Philip Hyde had a long association with Yosemite National Park, many years before meeting Ansel Adams and Virginia Best Adams of Best’s Studio in Yosemite Valley and a long association with Yosemite after meeting Ansel Adams. Philip Hyde first visited Yosemite National Park with the Boy Scouts on a 1938 Sierra Nevada high country backpack. He returned the following year with the Boy Scouts for another backpack, and nearly every year thereafter, most often with his father Leland Hyde and his brother David Lee Hyde. All the while he carried a soiled and worn copy of John of the Mountains: The Unpublished Journals of John Muir. To read more on how John Muir’s writings inspired Philip Hyde see the blog post, “New Portfolio: Yosemite And Sierra Black and White Prints.”

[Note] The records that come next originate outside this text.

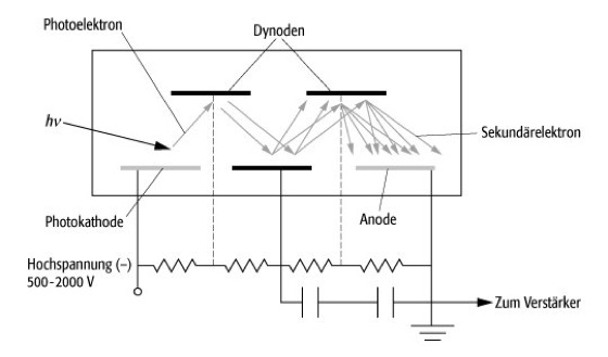 Sekundärelektronenvervielfacher, SEV, Photomultiplier (PM), Photoelektronenvervielfacher, Gerät zum Nachweis von Strahlung mittels äußerem Photoeffekt. Strahlung löst an einer Photokathode Elektronen aus, die über eine Verstärkungskette von Dynoden bis zur Anode in ihrer Zahl vervielfältigt werden. Der resultierende Stromimpuls wird umgewandelt, verstärkt und gemessen. Charakteristisch ist die mittlere Verstärkung als Antwort auf ein Photoelektron (single photoelectron response), die im Bereich von einigen 107 liegt.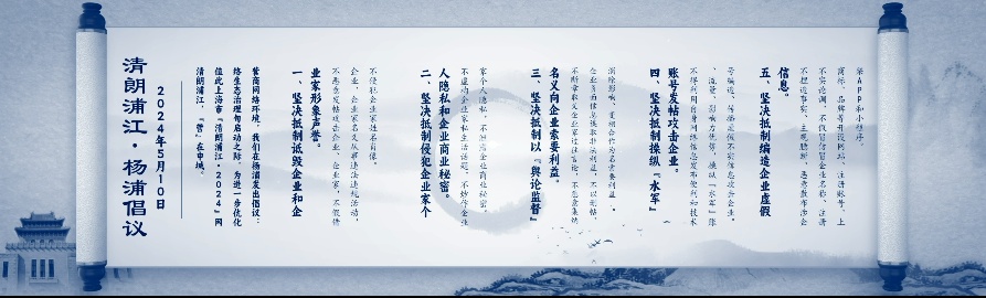 围绕进一步优化营商网络环境,“清朗浦江•杨浦倡议”发布,呼吁坚决抵制诋毁企业和企业家形象声誉、坚决抵制侵犯企业家个人隐私和企业商业秘密、坚决抵制以“舆论监督”名义向企业索要利益、坚决抵制操纵“水军”账号发帖攻击企业、坚决抵制编造企业虚假信息。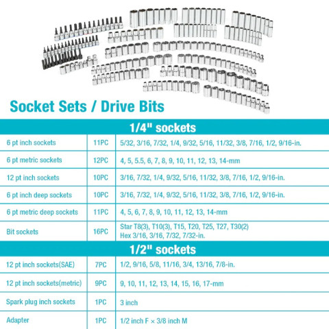 รวมเครื่องมือทั้ง 1/2"3/8" และ 1/4" Drive ใช้งานได้หลากหลายสถานการณ์

Philip Hyde’s Early Black And White Landscape Photographs

Philip Hyde made a photograph in 1942 of “Shadow Creek, Minarets Wilderness, Sierra Nevada” on a backpack trip with his father and brother into the Minarets Wilderness, now the Ansel Adams Wilderness. This photograph and others made before World War II in the Sierra Nevada back country, Philip Hyde considered his first fine art quality wilderness photographs, though he did make superb photographs of some trackless wild areas of Sugar Bowl Ski Area in the winter of 1940. A few of these early 1940s photographs are on exhibition for the first time since before World War II, as part of Philip Hyde’s Mountain Landscapes at the Camera Obscura Gallery (post-War digital images from the show are on the Camera Obscura website), currently showing through November 13, 2010. For more details see also the blog post, “Vintage And Digital Prints Together In One Exhibition.”

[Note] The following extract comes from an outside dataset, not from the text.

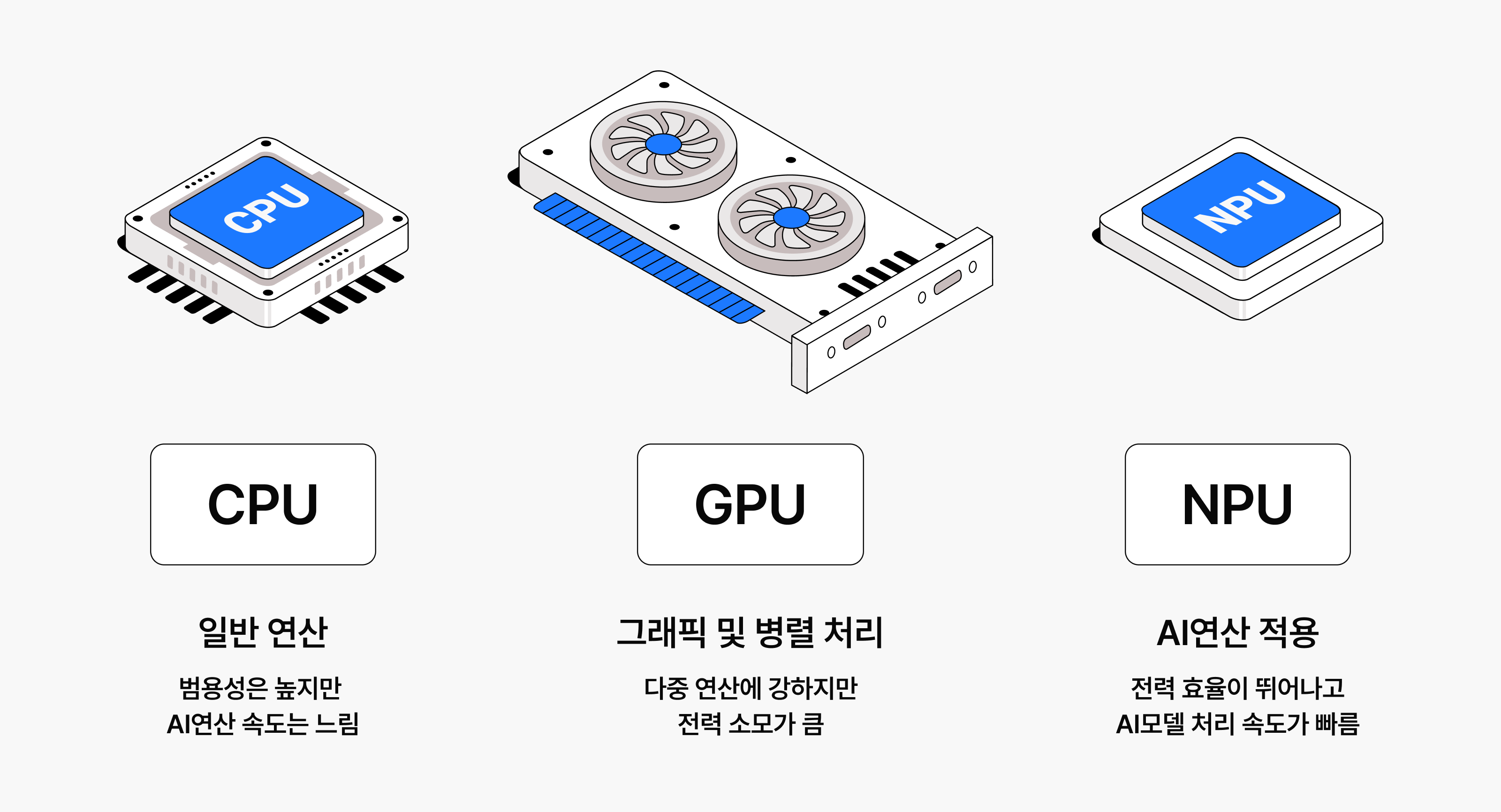 이러한 특성 때문에, 전통적인 CPU(Central Processing Unit) 기반 연산 구조만으로는 AI 연산을 효율적으로 처리하기 어렵습니다. CPU 다양한 작업을 유연하게 처리할 있도록 설계된 반도체로, 보통 1~8개의 코어를 기반으로 직렬 처리 최적화되어 있습니다. 명령어가 입력된 순서대로 하나의 연산을 마무리한 다음 연산을 수행하다 보니, 대규모 연산이 한꺼번에 몰리는 AI 작업 환경에서는 병목 현상이 발생하기 쉽습니다. 반면, GPU와 NPU는 대규모 행렬 연산에 특화된 구조이므로 AI 연산에서 훨씬 높은 효율을 발휘할 있죠.

As described in the blog post, “Photography’s Golden Era 6,” Philip Hyde first met Ansel Adams in the 1946 Summer Session of the California School of Fine Arts, now the San Francisco Art Institute, after serving in the Army Air Corp. For Summer Break 1949, between photography school courses, Ansel Adams helped Ardis and Philip Hyde land the caretakers job at the Sierra Club Parson’s Lodge and McCauley Cabin in Tuolumne Meadows, Yosemite National Park. Read more about the Hydes in Tuolumne Meadows on Philip Hyde’s Sierra Club History pages. Philip Hyde created some of his best black and white landscape photography during the Summer of 1949 and the next summer on a Sierra Club High Trip led by David Brower that started in the back country of Yosemite National Park, headed north through the Minarets Wilderness and circled back to Tuolumne Meadows. For many years Philip Hyde kept up his association and correspondence with Virginia and Ansel Adams, from time to time visiting them at their home in Carmel.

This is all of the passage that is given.